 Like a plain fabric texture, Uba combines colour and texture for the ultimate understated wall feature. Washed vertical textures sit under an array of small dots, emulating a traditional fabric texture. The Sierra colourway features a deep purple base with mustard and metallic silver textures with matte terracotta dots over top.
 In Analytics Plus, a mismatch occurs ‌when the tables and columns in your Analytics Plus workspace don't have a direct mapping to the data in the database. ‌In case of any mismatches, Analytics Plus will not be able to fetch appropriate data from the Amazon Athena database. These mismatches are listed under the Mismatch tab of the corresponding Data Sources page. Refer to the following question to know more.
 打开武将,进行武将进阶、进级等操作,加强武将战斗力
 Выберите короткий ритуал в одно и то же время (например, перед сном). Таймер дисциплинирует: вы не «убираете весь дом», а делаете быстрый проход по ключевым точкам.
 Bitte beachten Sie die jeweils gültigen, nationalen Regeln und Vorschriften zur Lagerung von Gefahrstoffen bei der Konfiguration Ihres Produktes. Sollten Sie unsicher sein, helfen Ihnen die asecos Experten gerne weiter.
--
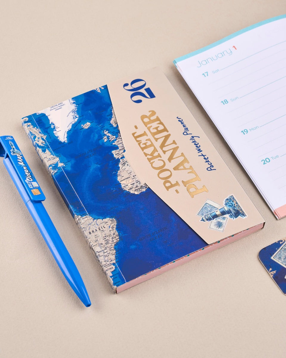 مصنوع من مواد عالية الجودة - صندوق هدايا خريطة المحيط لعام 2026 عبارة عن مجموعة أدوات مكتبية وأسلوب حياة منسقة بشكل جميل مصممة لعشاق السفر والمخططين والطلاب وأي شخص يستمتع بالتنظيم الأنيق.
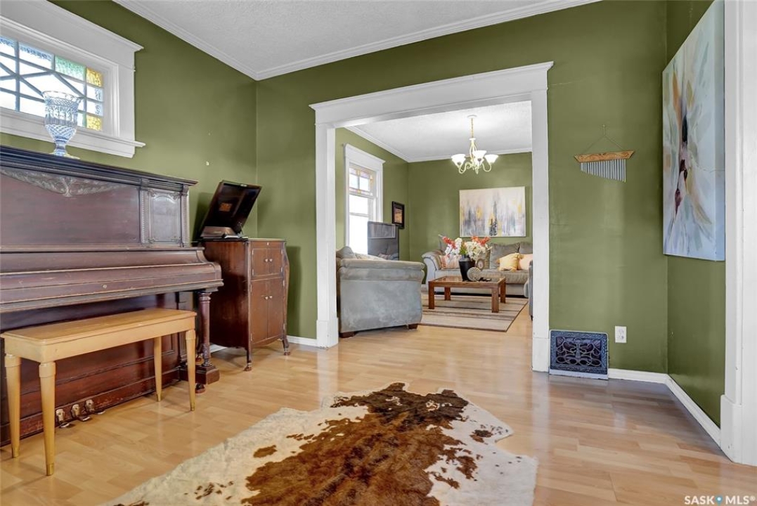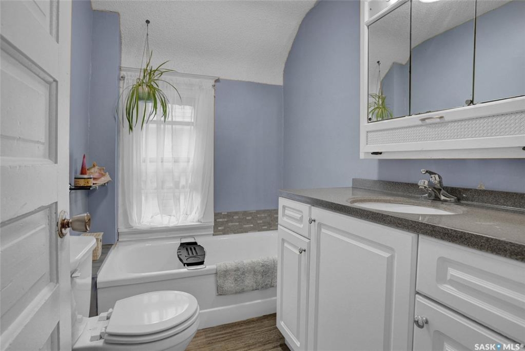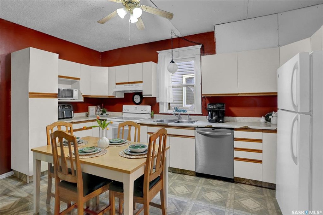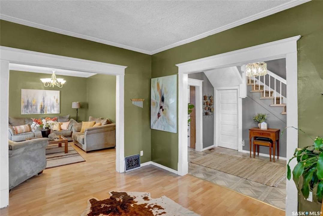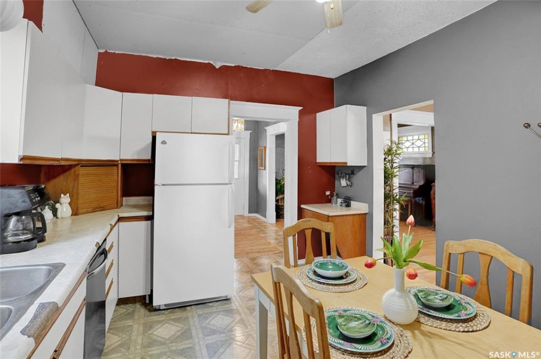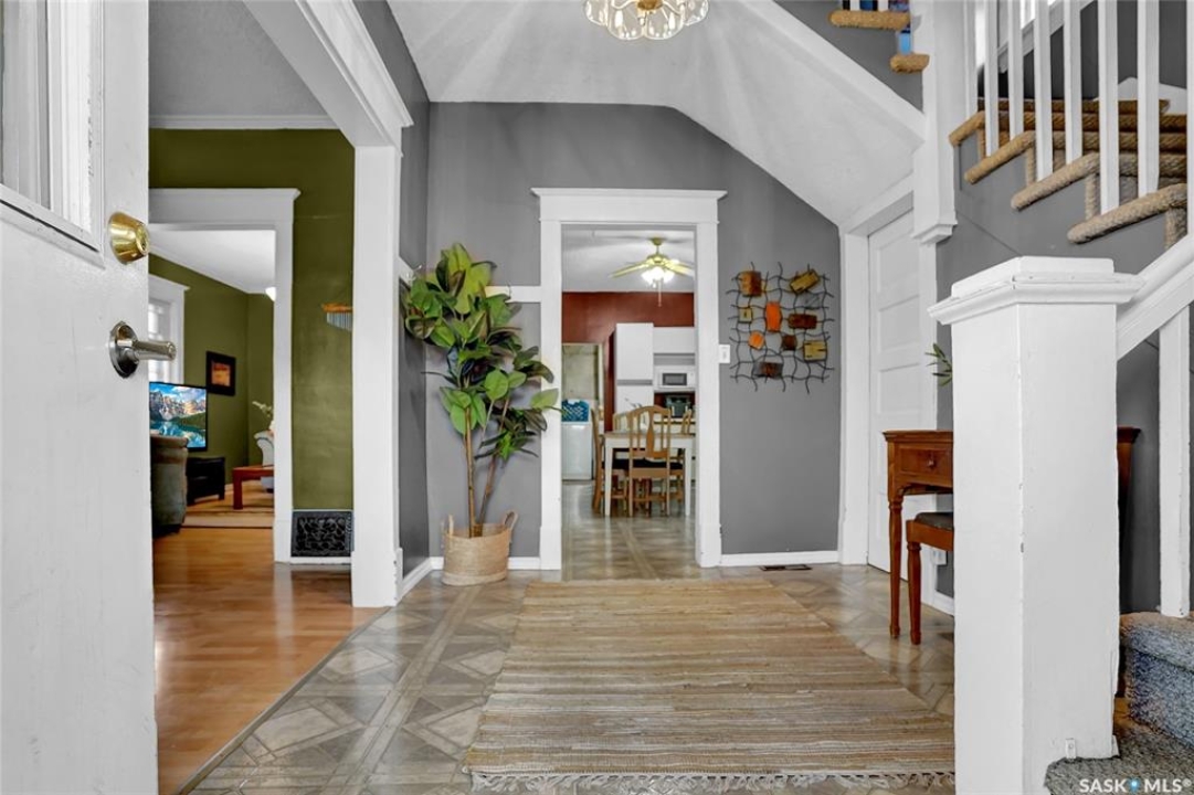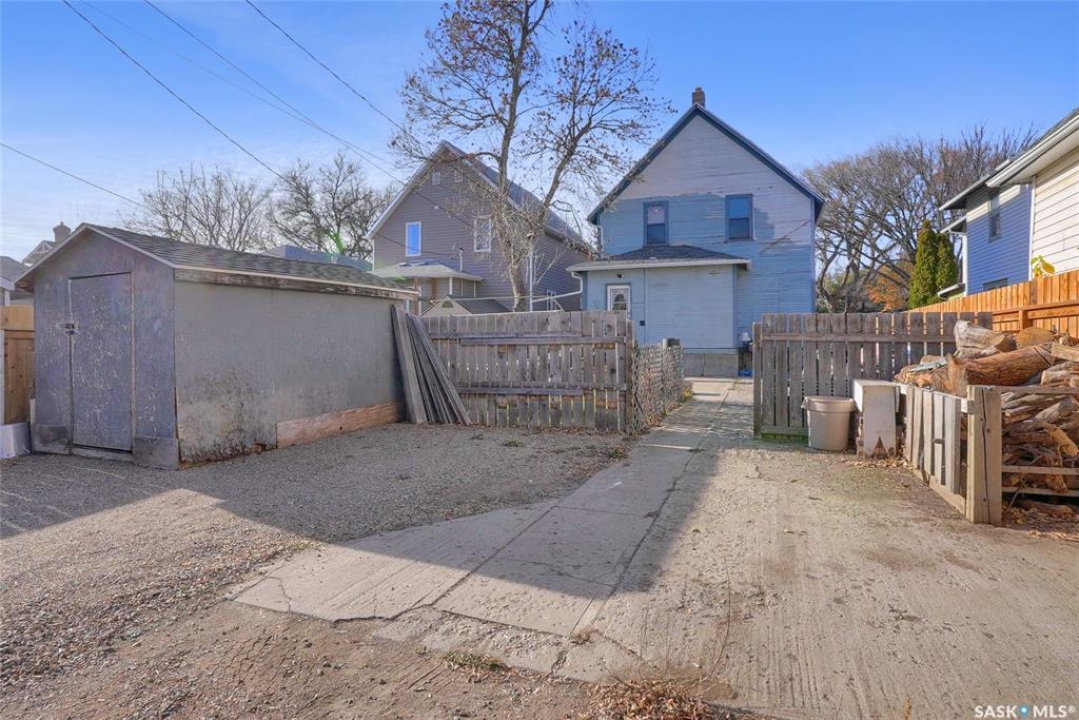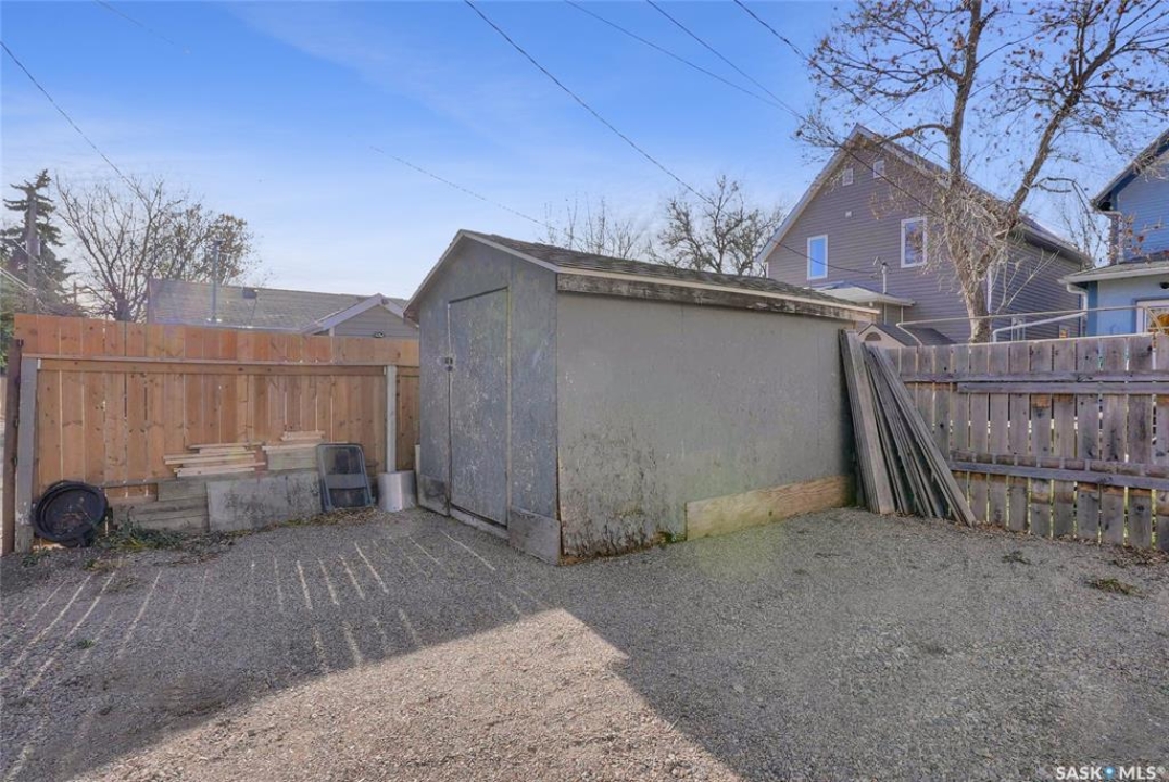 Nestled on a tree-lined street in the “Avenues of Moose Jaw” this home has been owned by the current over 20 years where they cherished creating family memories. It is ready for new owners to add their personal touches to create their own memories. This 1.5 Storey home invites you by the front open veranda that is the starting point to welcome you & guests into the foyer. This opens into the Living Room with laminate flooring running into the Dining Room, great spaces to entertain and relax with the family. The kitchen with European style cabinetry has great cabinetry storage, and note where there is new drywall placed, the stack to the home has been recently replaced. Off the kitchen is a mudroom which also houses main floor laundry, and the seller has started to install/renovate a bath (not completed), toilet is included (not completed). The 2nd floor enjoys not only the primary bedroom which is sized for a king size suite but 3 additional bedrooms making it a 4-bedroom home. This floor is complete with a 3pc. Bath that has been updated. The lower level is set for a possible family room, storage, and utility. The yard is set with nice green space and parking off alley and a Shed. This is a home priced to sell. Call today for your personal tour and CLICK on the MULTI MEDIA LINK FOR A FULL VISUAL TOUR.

Task brief: Of the entries listed above, reproduce only the lines starting at the line containing "Like a plain" and ending at the line containing "Bitte beachten Sie". Include both, exactly as they stand.

Answer box:
 Like a plain fabric texture, Uba combines colour and texture for the ultimate understated wall feature. Washed vertical textures sit under an array of small dots, emulating a traditional fabric texture. The Sierra colourway features a deep purple base with mustard and metallic silver textures with matte terracotta dots over top.
 In Analytics Plus, a mismatch occurs ‌when the tables and columns in your Analytics Plus workspace don't have a direct mapping to the data in the database. ‌In case of any mismatches, Analytics Plus will not be able to fetch appropriate data from the Amazon Athena database. These mismatches are listed under the Mismatch tab of the corresponding Data Sources page. Refer to the following question to know more.
 打开武将,进行武将进阶、进级等操作,加强武将战斗力
 Выберите короткий ритуал в одно и то же время (например, перед сном). Таймер дисциплинирует: вы не «убираете весь дом», а делаете быстрый проход по ключевым точкам.
 Bitte beachten Sie die jeweils gültigen, nationalen Regeln und Vorschriften zur Lagerung von Gefahrstoffen bei der Konfiguration Ihres Produktes. Sollten Sie unsicher sein, helfen Ihnen die asecos Experten gerne weiter.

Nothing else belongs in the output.